TextChunkingIndexing is a client focused on processing and indexing text data. It primarily deals with chunking large text into manageable pieces and preparing it for indexing or further analysis.

Key Functionalities:

+ Environment Setup: Loads necessary environment variables required for indexing and chunking operations.
- Text Chunking: Capable of breaking down large text data into smaller chunks based on character count, which is essential for text analysis and indexing in databases.
+ Customization: Offers customization options for chunk size and overlap, making it versatile for various text processing needs.

Usage Context:
This client is particularly useful in scenarios where large text documents need to be processed, analyzed, or indexed. For example, in Natural Language Processing tasks, machine learning model training, or when preparing data for storage in databases where smaller text chunks are preferable.

### Example Workflow:

Use client_scrapping (SharePointDataExtractor) to retrieve documents from a SharePoint site.
Pass these documents to client_indexing (TextChunkingIndexing) to break the text into smaller, more manageable chunks.
Use the chunked text and indexing to our selected Vector Database Azure Search. 

In [2]:
from gbb_ai.sharepoint_data_extractor import SharePointDataExtractor
from gbb_ai.langchain_indexing import TextChunkingIndexing

# Instantiate the SharePointDataExtractor client
# This client is responsible for connecting to Microsoft SharePoint through the Microsoft Graph API.
# The client handles the complexities of interacting with SharePoint's REST API, providing an easy-to-use interface for data extraction.
client_scrapping = SharePointDataExtractor()

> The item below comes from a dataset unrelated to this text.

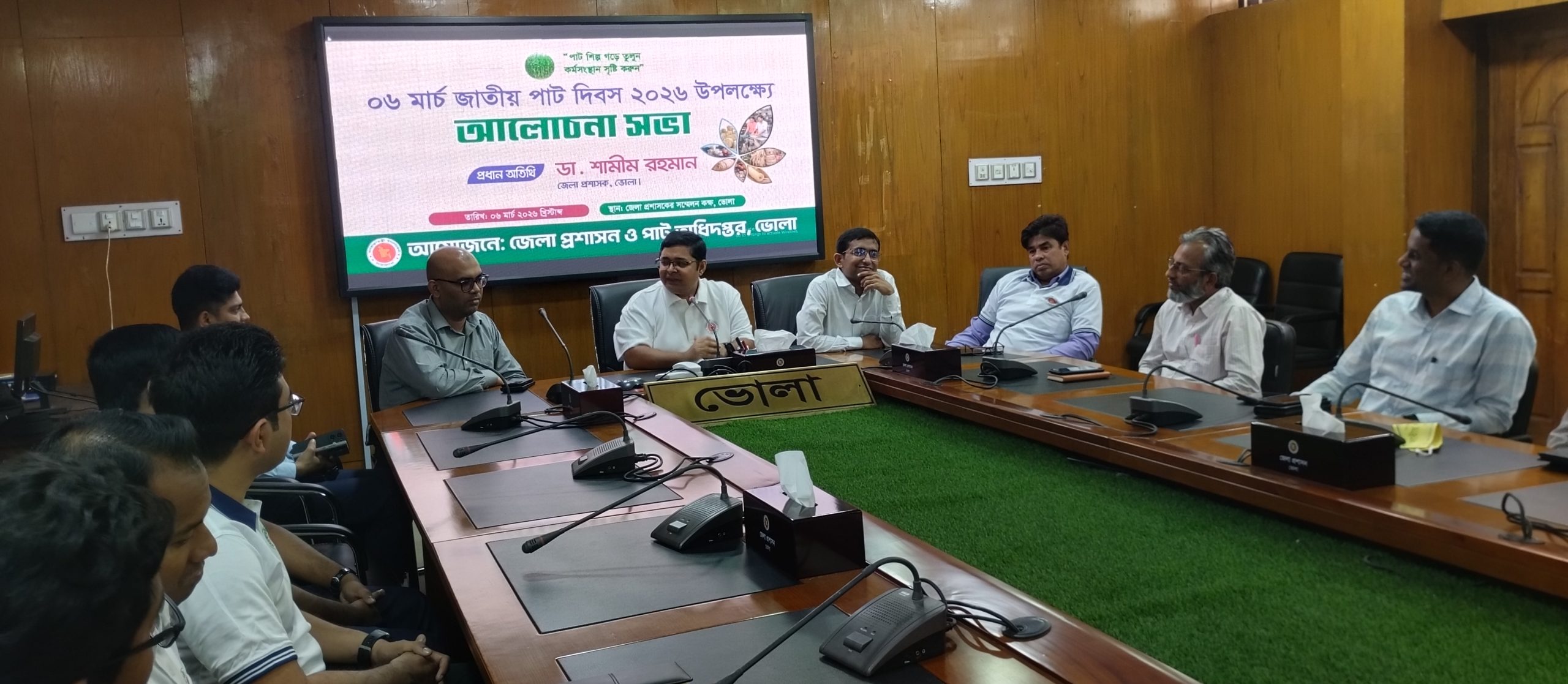 “পাট শিল্প গড়ে তুলুন,কর্মসংস্থান সৃষ্টি করুন” এই প্রতিপাদ্যকে সামনে রেখে ভোলায় উদযাপন করা হল জাতীয় পাট দিবস-২০২৬।

# Instantiate the TextChunkingIndexing client
# This cleint is resposnsinle for chunking text into smaller pieces using Langchaing framework, which are then indexed by Azure Cognitive Search.
# The client offers customizable options for how text should be chunked, ensuring flexibility to suit various text processing needs.
client_indexing = TextChunkingIndexing()


In [3]:
SITE_DOMAIN = 'mngenvmcap747548.sharepoint.com'
SITE_NAME = 'Contoso'

In [4]:
# Retrieve .docx file contents from a specified SharePoint site using SharePointDataExtractor
content_files = client_scrapping.retrieve_sharepoint_files_content(site_domain=SITE_DOMAIN, site_name=SITE_NAME, minutes_ago=None,file_formats=["docx"])

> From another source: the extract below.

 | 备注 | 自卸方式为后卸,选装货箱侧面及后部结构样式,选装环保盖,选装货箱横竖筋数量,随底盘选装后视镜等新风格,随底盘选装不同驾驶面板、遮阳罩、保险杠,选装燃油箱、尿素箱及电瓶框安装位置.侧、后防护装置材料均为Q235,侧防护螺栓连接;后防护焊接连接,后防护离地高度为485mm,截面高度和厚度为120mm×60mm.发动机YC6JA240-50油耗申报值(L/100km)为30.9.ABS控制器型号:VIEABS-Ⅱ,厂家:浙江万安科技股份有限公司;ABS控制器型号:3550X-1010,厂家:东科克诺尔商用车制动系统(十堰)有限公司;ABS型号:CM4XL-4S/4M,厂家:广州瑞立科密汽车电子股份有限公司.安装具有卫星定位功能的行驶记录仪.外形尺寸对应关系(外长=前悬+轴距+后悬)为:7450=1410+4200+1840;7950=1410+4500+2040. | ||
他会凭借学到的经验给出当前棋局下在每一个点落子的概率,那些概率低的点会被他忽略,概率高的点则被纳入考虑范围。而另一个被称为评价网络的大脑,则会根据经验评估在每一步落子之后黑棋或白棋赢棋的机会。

2023-12-09 20:16:39,991 - micro - MainProcess - INFO     New access token retrieved.... (sharepoint_data_extractor.py:msgraph_auth:58)
2023-12-09 20:16:39,992 - micro - MainProcess - INFO     Decoded Access Token:
{
  "aud": "https://graph.microsoft.com",
  "iss": "https://sts.windows.net/9495d8c9-4ebb-4107-b905-c7b45d1b7b7a/",
  "iat": 1702174299,
  "nbf": 1702174299,
  "exp": 1702178199,
  "aio": "E2VgYHjqzM3iyTY70/+7wJ/X23clAQA=",
  "app_displayname": "dev-graph",
  "appid": "118583ee-94ed-45dd-870b-73784045eb37",
  "appidacr": "1",
  "idp": "https://sts.windows.net/9495d8c9-4ebb-4107-b905-c7b45d1b7b7a/",
  "idtyp": "app",
  "oid": "4f614374-65fa-45fc-8369-cb616a6fe08f",
  "rh": "0.Ab0AydiVlLtOB0G5Bce0XRt7egMAAAAAAAAAwAAAAAAAAADLAAA.",
  "roles": [
    "TeamsActivity.Read.All",
    "SharePointTenantSettings.Read.All",
    "People.Read.All",
    "Sites.Read.All",
    "Sites.Manage.All",
    "Directory.Read.All",
    "OnlineMeetingTranscript.Read.All",
    "BrowserSiteLists.ReadWrite.

In [5]:
client_indexing.setup_aoai()

In [6]:
DEPLOYMENT ="foundational-ada"
MODEL_NAME="text-embedding-ada-002"
client_indexing.load_embedding_model(deployment=DEPLOYMENT,model_name=MODEL_NAME)

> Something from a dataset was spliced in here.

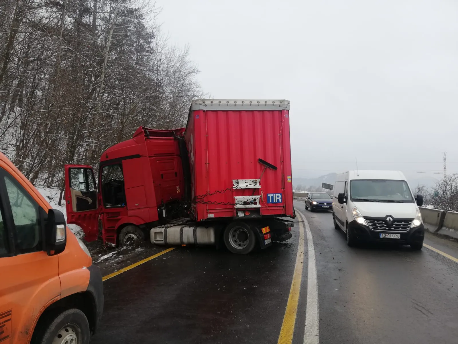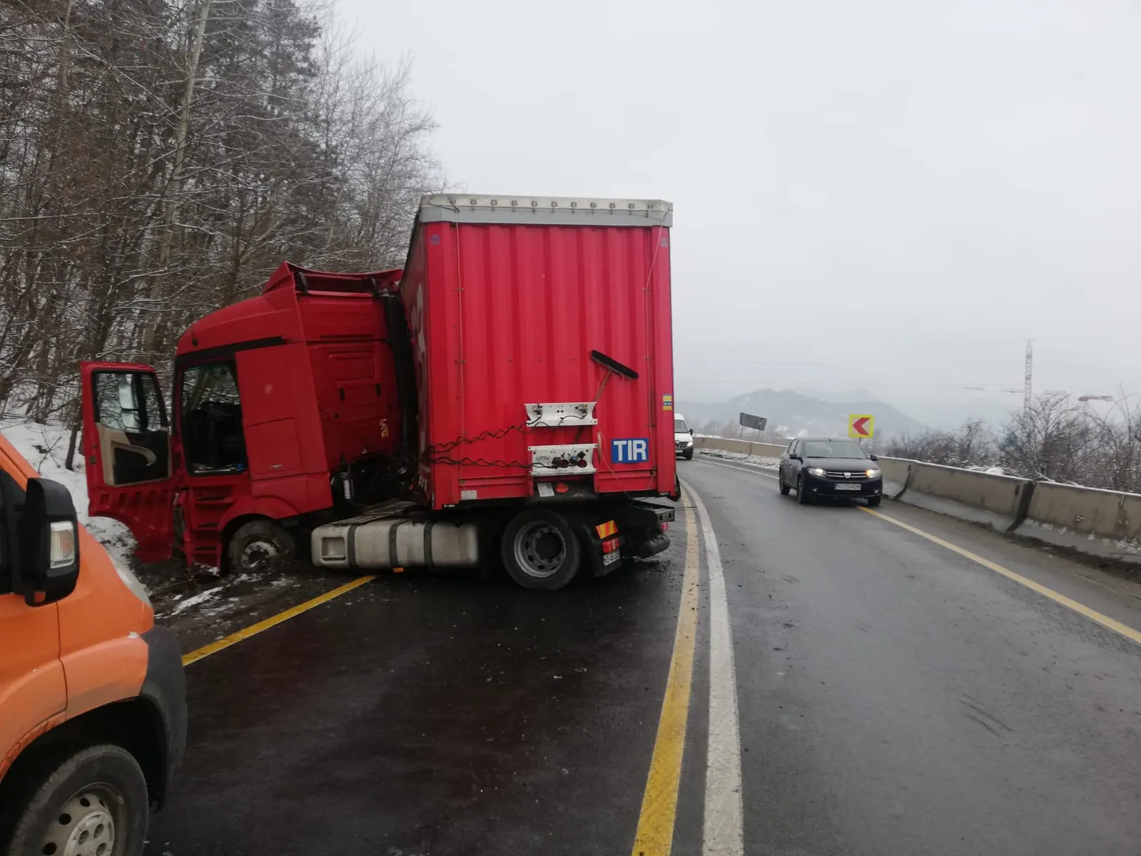 Semiremorca blochează banda destinata direcției Valcea - Sibiu. Traficul desfasurandu-se alternativ, dirijat de politistii rutieri.

2023-12-09 20:16:44,273 - micro - MainProcess - INFO     Loading OpenAIEmbeddings object with model text-embedding-ada-002, deployment foundational-ada, and chunk size 1000 (langchain_indexing.py:load_embedding_model:103)
2023-12-09 20:16:44,278 - micro - MainProcess - INFO     OpenAIEmbeddings object created successfully. (langchain_indexing.py:load_embedding_model:116)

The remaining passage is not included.